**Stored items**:
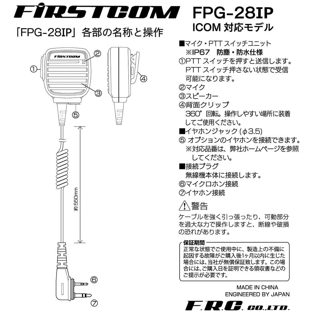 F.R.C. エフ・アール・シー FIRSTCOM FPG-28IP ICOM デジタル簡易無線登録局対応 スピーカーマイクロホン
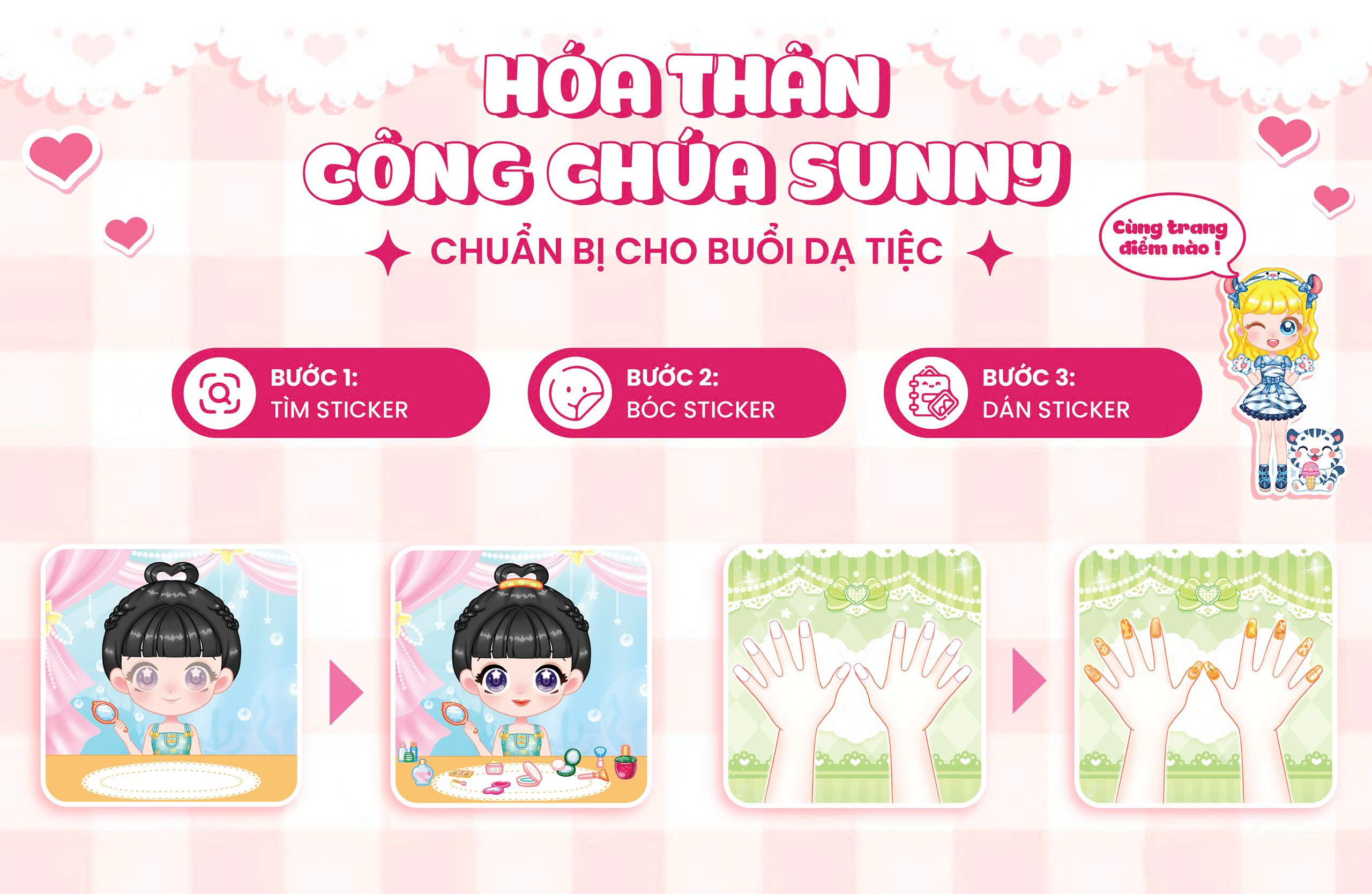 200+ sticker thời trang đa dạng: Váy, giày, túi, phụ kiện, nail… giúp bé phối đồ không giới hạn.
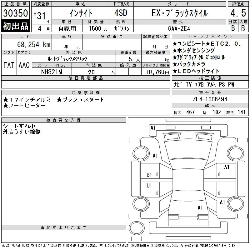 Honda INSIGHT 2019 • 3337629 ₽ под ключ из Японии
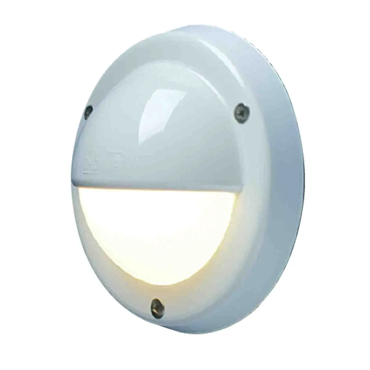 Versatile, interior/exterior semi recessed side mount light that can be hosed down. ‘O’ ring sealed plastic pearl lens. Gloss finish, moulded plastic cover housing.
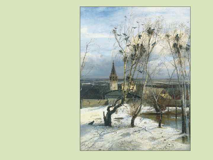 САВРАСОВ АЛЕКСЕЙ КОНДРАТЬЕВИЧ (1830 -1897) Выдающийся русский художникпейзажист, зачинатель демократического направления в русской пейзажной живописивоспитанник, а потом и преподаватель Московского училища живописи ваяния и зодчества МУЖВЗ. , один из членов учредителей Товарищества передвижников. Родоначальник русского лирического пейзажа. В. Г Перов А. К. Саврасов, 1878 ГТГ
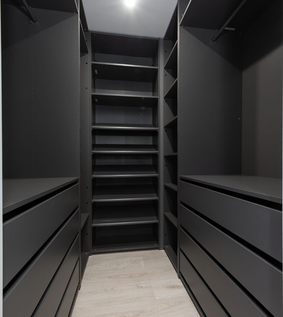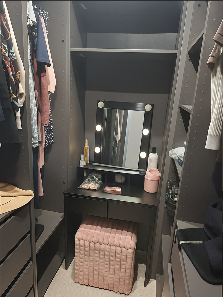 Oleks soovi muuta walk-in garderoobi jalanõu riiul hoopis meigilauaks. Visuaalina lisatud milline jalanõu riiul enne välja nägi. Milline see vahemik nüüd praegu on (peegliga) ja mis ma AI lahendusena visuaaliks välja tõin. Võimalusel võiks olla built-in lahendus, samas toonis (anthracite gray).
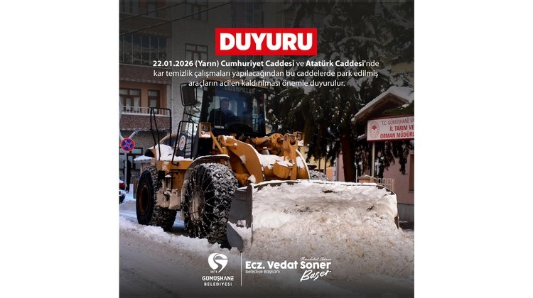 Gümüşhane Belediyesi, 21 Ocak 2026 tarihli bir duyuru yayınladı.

**WORK ITEM**: Please retype, exactly and with the pictures left out, the lines from the line containing "САВРАСОВ АЛЕКСЕЙ КОНДРАТЬЕВИЧ" through the last line of the records above.

**REPLY TO THE TASK**:
 САВРАСОВ АЛЕКСЕЙ КОНДРАТЬЕВИЧ (1830 -1897) Выдающийся русский художникпейзажист, зачинатель демократического направления в русской пейзажной живописивоспитанник, а потом и преподаватель Московского училища живописи ваяния и зодчества МУЖВЗ. , один из членов учредителей Товарищества передвижников. Родоначальник русского лирического пейзажа. В. Г Перов А. К. Саврасов, 1878 ГТГ
 Oleks soovi muuta walk-in garderoobi jalanõu riiul hoopis meigilauaks. Visuaalina lisatud milline jalanõu riiul enne välja nägi. Milline see vahemik nüüd praegu on (peegliga) ja mis ma AI lahendusena visuaaliks välja tõin. Võimalusel võiks olla built-in lahendus, samas toonis (anthracite gray).
 Gümüşhane Belediyesi, 21 Ocak 2026 tarihli bir duyuru yayınladı.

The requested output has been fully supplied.